06/11/2026
OPEC is basically the oil market’s supply committee.
It does not control demand.
It does not control every barrel of oil in the world.
But it can influence supply by coordinating how much oil its member countries produce.
That matters because oil prices are mostly driven by a simple tension:
-Demand keeps growing with transportation, shipping, manufacturing, defense, AI data centers, and global development.
-Supply is harder to bring online.
-OPEC and OPEC+ try to manage this by setting production targets. When prices are weak, they can cut production to support the market. When prices are high or politically sensitive, they can increase production to calm things down. OPEC+ says these adjustments are meant to support oil market stability.
But here is the part most people miss.
A production target is not the same as actual oil hitting the market.
If a country says it will produce more oil, that oil still has to be drilled, transported, shipped, insured, refined, and delivered.
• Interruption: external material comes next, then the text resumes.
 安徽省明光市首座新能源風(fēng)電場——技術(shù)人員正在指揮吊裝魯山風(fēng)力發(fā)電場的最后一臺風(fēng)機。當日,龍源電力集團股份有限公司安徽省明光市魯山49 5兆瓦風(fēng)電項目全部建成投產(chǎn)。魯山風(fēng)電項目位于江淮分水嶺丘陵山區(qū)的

That is where geopolitics matters.
When shipping chokepoints get disrupted, pipelines become more important. When countries leave or challenge OPEC discipline, supply coordination becomes harder. When years of underinvestment meet rising demand, the system has less slack.
This is why I’m still structurally bullish on oil.
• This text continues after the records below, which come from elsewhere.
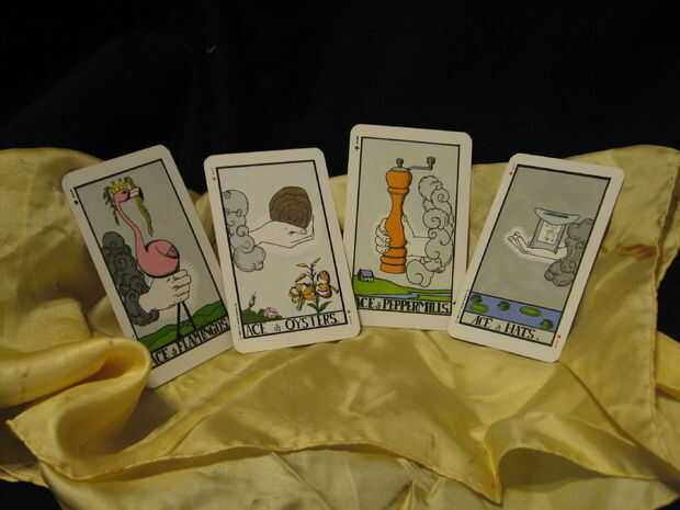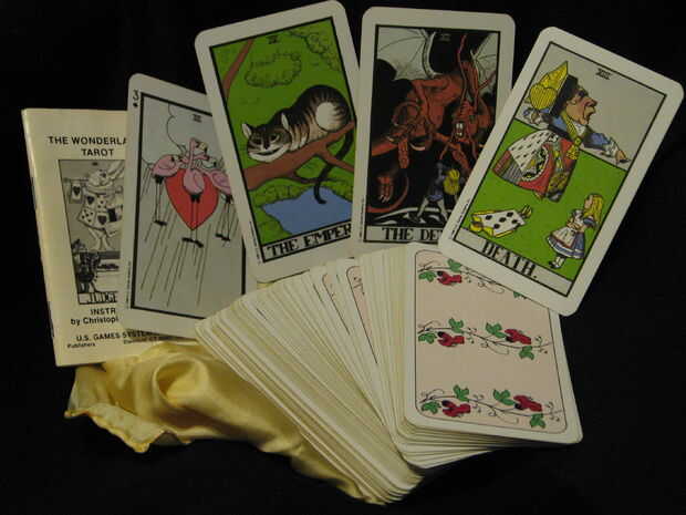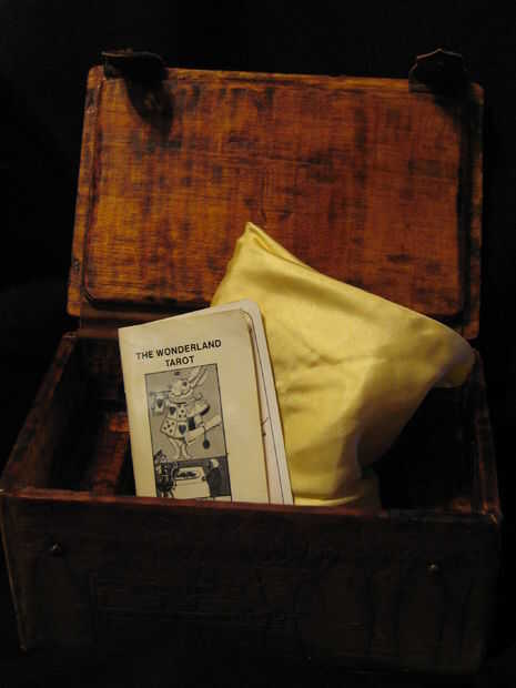 También tuve una baraja de Tarot de país de las maravillas, que de una manera similar. Decidí que quería hacer una caja para sostener ambas bandejas, y este fue el resultado.
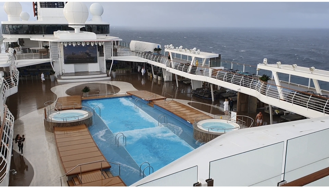 Wenn ich mich recht erinnere, kann der Pool in der Mitte bei starkem Seegang geteilt werden, damit das Wasser weniger schwappt.
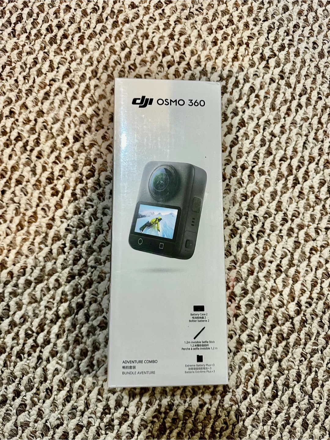 73Selling a DJI Osmo 360 Adventure Combo. It's in excellent condition and comes with everything in the box! - Osmo Lens Cleaning Cloth - Osmo 1.2m Invisible Selfie Stick - Osmo 360 Rubber Lens Protector - 2x Osmo Action Multifunctional Battery Case 2 - 6x Osmo Action Extreme Battery Plus (1950 mAh) - Osmo 360 Camera Protective Pouch - USB-C to USB-C PD Cable (USB 3.1) - Osmo Adjustable Quick-Release Adapter Mount Given as a birthday present. But no need to use it Still seal Originally retails for $812.99

Not because prices go up every month.
But because the world keeps needing more energy (need to power the AI needs) while the supply side keeps getting more complicated.
OPEC can influence the market.
But it cannot magically create cheap, secure, deliverable oil overnight.
That is why oil and gas still deserve attention as part of a broader real asset strategy.
Not as a short term trade.
As an inflation hedge, income opportunity, and exposure to a world that still runs on energy.